● **WHAT TO WORK ON**: Return verbatim every line from the first line of the data below to the line that contains "D P F Bakora", inclusive, and no further.

(Entries taken from a collection)

= = =

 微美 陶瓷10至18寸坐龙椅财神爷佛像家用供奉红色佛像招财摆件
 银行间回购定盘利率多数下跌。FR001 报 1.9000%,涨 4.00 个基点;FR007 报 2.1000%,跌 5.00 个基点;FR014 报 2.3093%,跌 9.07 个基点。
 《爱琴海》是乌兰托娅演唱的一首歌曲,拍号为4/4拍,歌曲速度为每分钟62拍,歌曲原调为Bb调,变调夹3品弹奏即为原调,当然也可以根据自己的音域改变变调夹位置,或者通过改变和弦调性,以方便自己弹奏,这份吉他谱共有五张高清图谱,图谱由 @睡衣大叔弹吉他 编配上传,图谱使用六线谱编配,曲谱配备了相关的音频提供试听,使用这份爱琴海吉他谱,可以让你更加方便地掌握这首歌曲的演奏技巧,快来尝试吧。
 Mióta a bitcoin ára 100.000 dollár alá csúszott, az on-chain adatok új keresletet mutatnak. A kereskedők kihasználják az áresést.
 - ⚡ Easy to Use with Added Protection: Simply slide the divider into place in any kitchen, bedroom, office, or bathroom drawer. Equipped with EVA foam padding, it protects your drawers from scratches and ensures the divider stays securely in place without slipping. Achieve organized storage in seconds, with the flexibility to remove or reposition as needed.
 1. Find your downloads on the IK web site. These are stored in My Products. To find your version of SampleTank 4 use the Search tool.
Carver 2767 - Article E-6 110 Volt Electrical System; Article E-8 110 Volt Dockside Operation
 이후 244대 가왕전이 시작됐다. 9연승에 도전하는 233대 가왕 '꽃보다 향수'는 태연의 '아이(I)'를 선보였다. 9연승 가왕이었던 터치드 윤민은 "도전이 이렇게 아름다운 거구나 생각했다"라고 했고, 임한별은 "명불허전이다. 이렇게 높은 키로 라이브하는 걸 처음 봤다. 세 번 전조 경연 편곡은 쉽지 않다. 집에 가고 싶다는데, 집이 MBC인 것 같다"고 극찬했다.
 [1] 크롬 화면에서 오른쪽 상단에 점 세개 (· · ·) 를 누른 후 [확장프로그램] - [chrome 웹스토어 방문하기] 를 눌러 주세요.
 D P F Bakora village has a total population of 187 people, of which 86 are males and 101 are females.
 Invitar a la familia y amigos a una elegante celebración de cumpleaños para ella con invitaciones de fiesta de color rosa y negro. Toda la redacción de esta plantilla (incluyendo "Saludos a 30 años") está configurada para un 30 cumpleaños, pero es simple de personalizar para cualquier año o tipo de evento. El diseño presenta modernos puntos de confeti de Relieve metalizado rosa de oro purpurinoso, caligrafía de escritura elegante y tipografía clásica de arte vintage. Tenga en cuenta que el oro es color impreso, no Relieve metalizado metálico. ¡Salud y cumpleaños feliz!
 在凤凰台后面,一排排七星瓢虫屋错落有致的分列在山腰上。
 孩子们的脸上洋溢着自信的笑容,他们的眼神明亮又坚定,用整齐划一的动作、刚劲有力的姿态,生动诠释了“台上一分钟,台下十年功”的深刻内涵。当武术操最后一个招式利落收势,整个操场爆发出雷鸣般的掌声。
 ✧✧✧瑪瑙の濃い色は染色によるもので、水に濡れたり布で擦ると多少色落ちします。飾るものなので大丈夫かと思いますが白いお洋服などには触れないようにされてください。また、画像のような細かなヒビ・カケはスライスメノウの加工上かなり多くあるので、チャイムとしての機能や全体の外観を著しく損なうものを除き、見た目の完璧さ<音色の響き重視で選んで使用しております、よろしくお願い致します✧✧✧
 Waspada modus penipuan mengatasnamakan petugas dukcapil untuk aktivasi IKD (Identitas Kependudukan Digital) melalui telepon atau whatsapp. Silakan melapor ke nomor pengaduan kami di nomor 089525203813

= = =

● **RESPONSE AREA**:
 微美 陶瓷10至18寸坐龙椅财神爷佛像家用供奉红色佛像招财摆件
 银行间回购定盘利率多数下跌。FR001 报 1.9000%,涨 4.00 个基点;FR007 报 2.1000%,跌 5.00 个基点;FR014 报 2.3093%,跌 9.07 个基点。
 《爱琴海》是乌兰托娅演唱的一首歌曲,拍号为4/4拍,歌曲速度为每分钟62拍,歌曲原调为Bb调,变调夹3品弹奏即为原调,当然也可以根据自己的音域改变变调夹位置,或者通过改变和弦调性,以方便自己弹奏,这份吉他谱共有五张高清图谱,图谱由 @睡衣大叔弹吉他 编配上传,图谱使用六线谱编配,曲谱配备了相关的音频提供试听,使用这份爱琴海吉他谱,可以让你更加方便地掌握这首歌曲的演奏技巧,快来尝试吧。
 Mióta a bitcoin ára 100.000 dollár alá csúszott, az on-chain adatok új keresletet mutatnak. A kereskedők kihasználják az áresést.
 - ⚡ Easy to Use with Added Protection: Simply slide the divider into place in any kitchen, bedroom, office, or bathroom drawer. Equipped with EVA foam padding, it protects your drawers from scratches and ensures the divider stays securely in place without slipping. Achieve organized storage in seconds, with the flexibility to remove or reposition as needed.
 1. Find your downloads on the IK web site. These are stored in My Products. To find your version of SampleTank 4 use the Search tool.
Carver 2767 - Article E-6 110 Volt Electrical System; Article E-8 110 Volt Dockside Operation
 이후 244대 가왕전이 시작됐다. 9연승에 도전하는 233대 가왕 '꽃보다 향수'는 태연의 '아이(I)'를 선보였다. 9연승 가왕이었던 터치드 윤민은 "도전이 이렇게 아름다운 거구나 생각했다"라고 했고, 임한별은 "명불허전이다. 이렇게 높은 키로 라이브하는 걸 처음 봤다. 세 번 전조 경연 편곡은 쉽지 않다. 집에 가고 싶다는데, 집이 MBC인 것 같다"고 극찬했다.
 [1] 크롬 화면에서 오른쪽 상단에 점 세개 (· · ·) 를 누른 후 [확장프로그램] - [chrome 웹스토어 방문하기] 를 눌러 주세요.
 D P F Bakora village has a total population of 187 people, of which 86 are males and 101 are females.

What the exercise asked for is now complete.